**What you will do**: Set down the data below without change, skipping the pictures it holds.

**Data segment**:
________________________________________

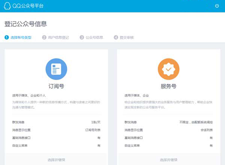 同微信的注冊不同,QQ公眾號可以使用qq登錄即可申請賬號。選擇賬號類型。下面的注冊信息與微信公眾號基本一致了!
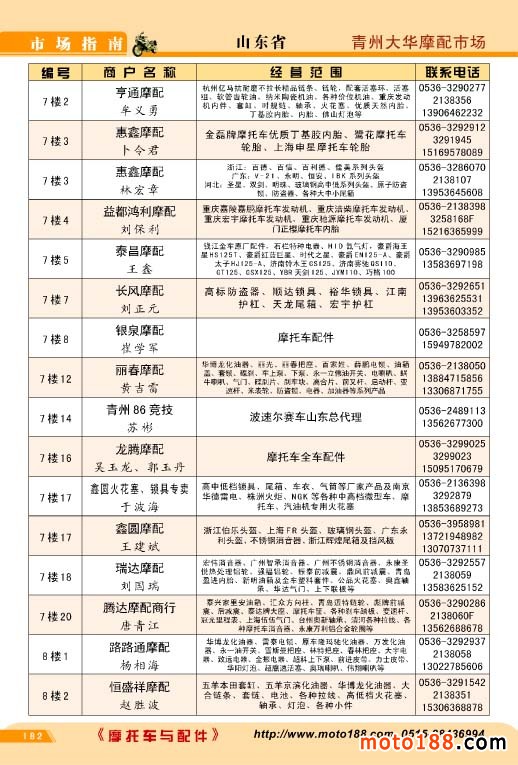 继2010年出版的《中国摩托车配件市场指南》系列丛书第一版本《华东市场指南》已经三年了,三年来华东市场是全国摩配市场变化最大的市场,以往的市场有的不复存在,有的搬迁形成新的市场,有的市场被部分改造,市场在缩小,如果仅从这些已经形成市场的角度来看华东市场规模在严重的收缩,刚开始我们打算编新版《华东市场指南》时,初步估似乎要减少不少单位,但等到汇总后,华东市场的总的经销商数目不仅没有减少,甚至比上一个版本还有所增加,总数有2800多家企业,因而书的内容比以前更充实,有不少以前不在市场上的企业,通过资料汇总,又经过逐户电话校对,这本书的准确率非常高,书中的信息都是2013年采集的。
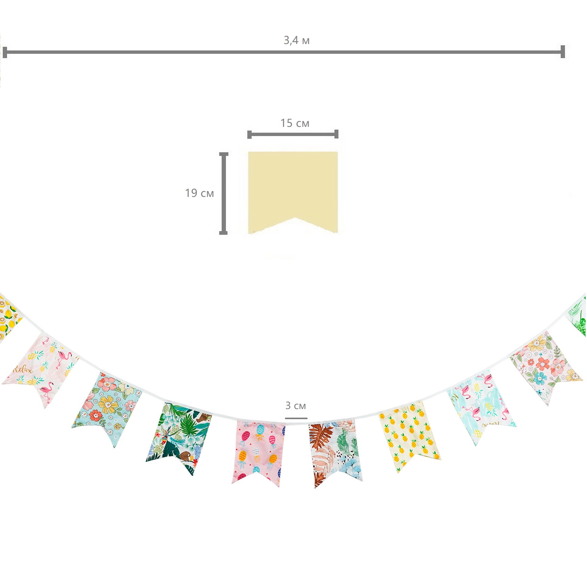 Гирлянда состоит из 12 флажков, общая длина составляет 3,4 м, расстояние между флажками 3 см, длина матерчатых флажков 2,1 м, длина лямок с обеих сторон по 50 см

________________________________________

**Solution for this task**:
 同微信的注冊不同,QQ公眾號可以使用qq登錄即可申請賬號。選擇賬號類型。下面的注冊信息與微信公眾號基本一致了!
 继2010年出版的《中国摩托车配件市场指南》系列丛书第一版本《华东市场指南》已经三年了,三年来华东市场是全国摩配市场变化最大的市场,以往的市场有的不复存在,有的搬迁形成新的市场,有的市场被部分改造,市场在缩小,如果仅从这些已经形成市场的角度来看华东市场规模在严重的收缩,刚开始我们打算编新版《华东市场指南》时,初步估似乎要减少不少单位,但等到汇总后,华东市场的总的经销商数目不仅没有减少,甚至比上一个版本还有所增加,总数有2800多家企业,因而书的内容比以前更充实,有不少以前不在市场上的企业,通过资料汇总,又经过逐户电话校对,这本书的准确率非常高,书中的信息都是2013年采集的。
 Гирлянда состоит из 12 флажков, общая длина составляет 3,4 м, расстояние между флажками 3 см, длина матерчатых флажков 2,1 м, длина лямок с обеих сторон по 50 см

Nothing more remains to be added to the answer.